I have been asking myself the same question over and over lately: When did I become so stupid?
According to my teen and pre-teen, I have apparently become the stupidest person in the world. This is evident in the fact that they seem to roll their eyes at everything I say lately.
Although I have been on the earth for forty-plus years, I apparently know nothing and understand nothing. I had an argument with my daughter before school the other day all because I would not allow her to simply roll out of bed and get on the bus. I am critical of everything she does and, of course, "don't understand" anything. All this because I insisted she do something with her hair.
When Sean was on crutches and I had to drive him to and from school, I thought he would die from embarrassment. I was absolutely not allowed to get out of the car to help him under any circumstances and should stay as hidden as possible. I considered renting a white cargo van and wearing dark glasses, a hat and a fake beard simply to spare him the humiliation of the entire middle school realizing that he actually had a mother.

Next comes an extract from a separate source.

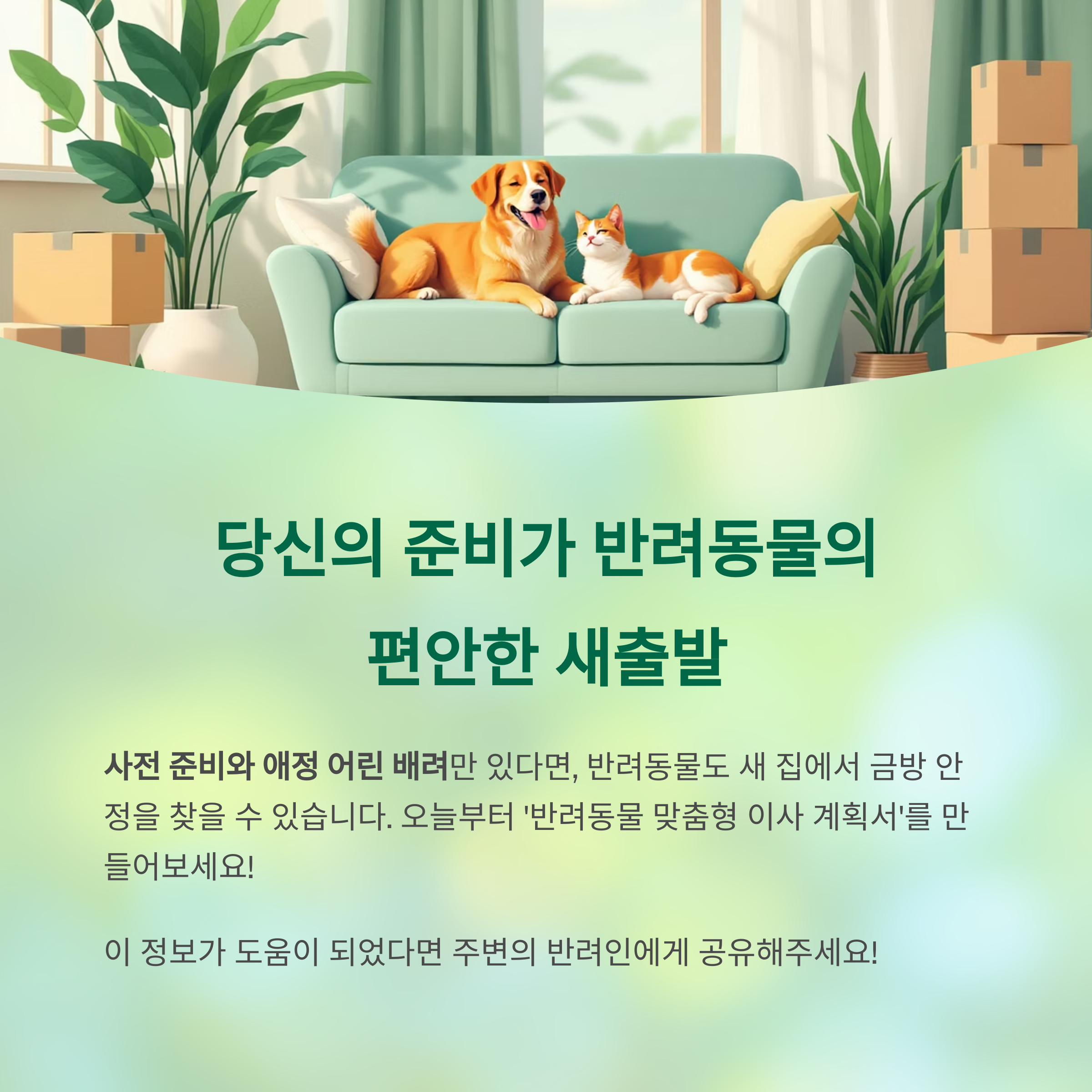 반려동물과 함께하는 이사는 보호자의 책임감과 준비성에 따라 전혀 다른 결과를 만들어냅니다. 이사라는 큰 환경 변화는 동물에게 스트레스를 줄 수 있지만, **사전에 꼼꼼한 체크리스트와 애정 어린 배려만 있다면, 반려동물도 새 집에서 금방 안정을 찾고 적응할 수 있습니다.** 중요한 것은 **하루 이틀의 변화가 아닌, 반려동물의 평생 생활 터전을 함께 준비하는 과정임을 인식하는 것**입니다. 특히 고양이처럼 환경 변화에 민감한 동물은 충분한 준비와 사전 훈련이 핵심이며, 강아지 역시 보호자의 감정과 상태에 따라 안정성을 느낍니다. 오늘부터 준비해보세요. 이동장 훈련, 동물등록 변경, 건강검진, 새집 점검, 루틴 유지까지 하나씩 실천하면서 **‘반려동물 맞춤형 이사 계획서’를 직접 만들어보는 것**도 추천드립니다. 반려동물도 새집에서 행복할 권리가 있습니다. 그 행복을 보호자가 만들어줄 수 있습니다.

What happened to the days when they hung on every word and I was the center of their universe? I suppose it is called "growing up."
It is only natural for teens and pre-teens to begin questioning beliefs and testing limits. I can remember living in constant fear at that age that my own mother would say and do something that I deemed embarrassing in front of my own friends. And "something embarrassing" usually consisted of being in the same room.
I can accept this (although I call them on the eye rolling and mumbling) as long as they understand that there is no compromising on certain prinicples. When my son decided recently that there are too many rules in our household, he informed me that when he is 16 he is doing whatever he wants. I informed him that if he thinks that will happen, he better have a full-time job and his butt better be out of my house.
Rules regarding morality, grades, curfews, substance abuse and going to church will never change as long as my children are living under my roof. Period. As I have told them before: If you don't like it, get you own house.
My kids know the saying ad nauseam: This is not a democracy. This is a dictatorship. Heil, Mamma!